Work request:
Using the material below, work out how many lines contain "after". Only the number is wanted.

Dataset entries:
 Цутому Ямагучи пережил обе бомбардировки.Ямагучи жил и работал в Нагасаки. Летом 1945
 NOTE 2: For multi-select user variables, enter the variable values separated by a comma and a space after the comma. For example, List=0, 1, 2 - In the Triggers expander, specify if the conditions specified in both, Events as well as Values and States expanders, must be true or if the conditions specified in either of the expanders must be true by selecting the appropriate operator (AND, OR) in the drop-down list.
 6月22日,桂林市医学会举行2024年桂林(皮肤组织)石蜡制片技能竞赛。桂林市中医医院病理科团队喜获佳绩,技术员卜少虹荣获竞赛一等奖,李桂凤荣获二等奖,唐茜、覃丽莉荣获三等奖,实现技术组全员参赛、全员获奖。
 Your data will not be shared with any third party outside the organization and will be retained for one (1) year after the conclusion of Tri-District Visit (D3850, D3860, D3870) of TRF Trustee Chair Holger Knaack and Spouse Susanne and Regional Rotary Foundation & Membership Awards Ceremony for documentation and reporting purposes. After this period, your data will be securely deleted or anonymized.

...

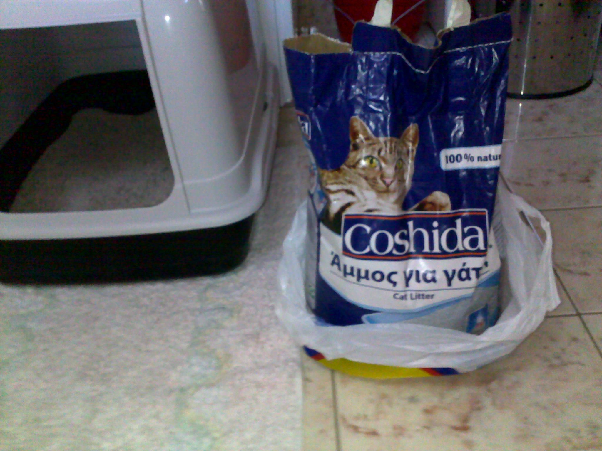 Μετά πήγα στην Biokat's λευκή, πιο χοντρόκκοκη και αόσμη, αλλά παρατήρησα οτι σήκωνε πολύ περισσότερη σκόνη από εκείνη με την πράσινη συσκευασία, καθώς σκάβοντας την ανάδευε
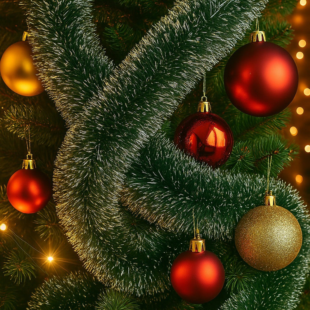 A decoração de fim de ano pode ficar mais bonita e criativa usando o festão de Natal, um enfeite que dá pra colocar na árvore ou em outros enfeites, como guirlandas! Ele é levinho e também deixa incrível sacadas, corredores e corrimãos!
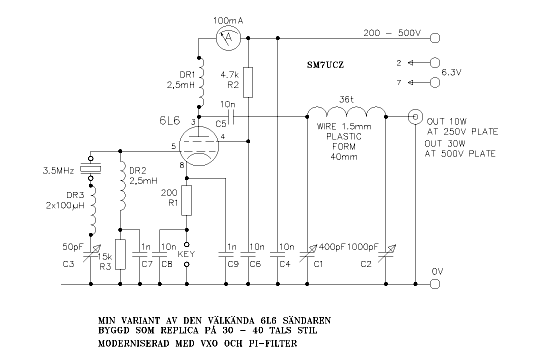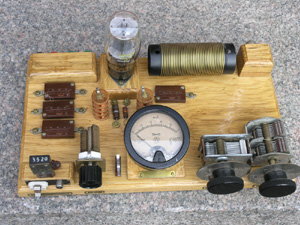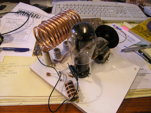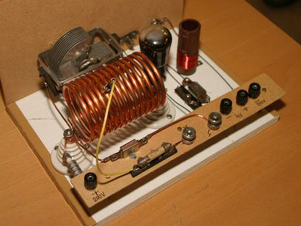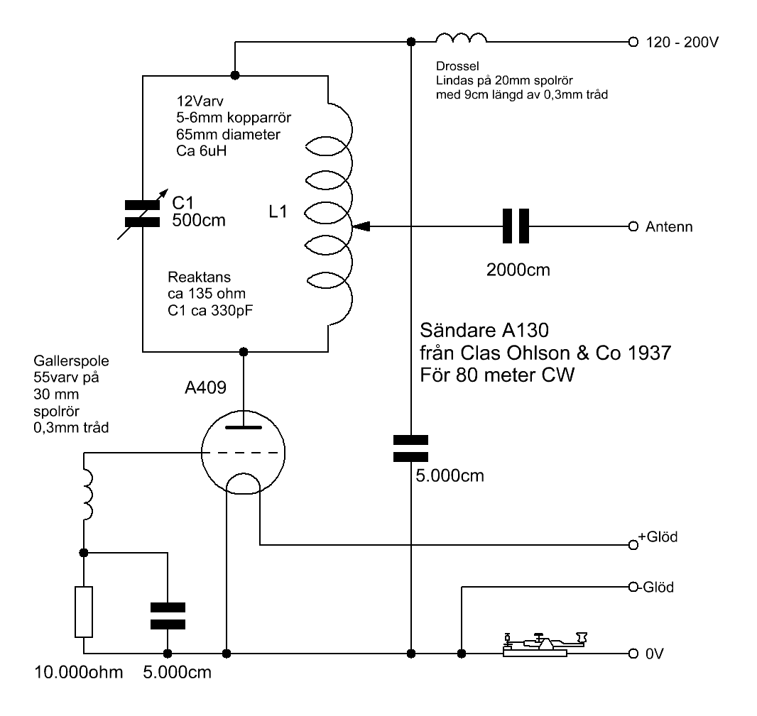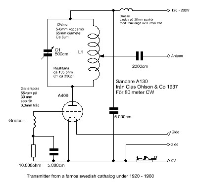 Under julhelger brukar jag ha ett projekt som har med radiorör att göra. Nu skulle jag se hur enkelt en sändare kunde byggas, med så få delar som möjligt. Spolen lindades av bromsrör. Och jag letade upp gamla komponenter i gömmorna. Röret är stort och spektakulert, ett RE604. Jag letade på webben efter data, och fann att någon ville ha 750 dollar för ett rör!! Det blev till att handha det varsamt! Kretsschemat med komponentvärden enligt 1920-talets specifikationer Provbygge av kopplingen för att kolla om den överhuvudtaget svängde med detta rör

Result of the exercise:
2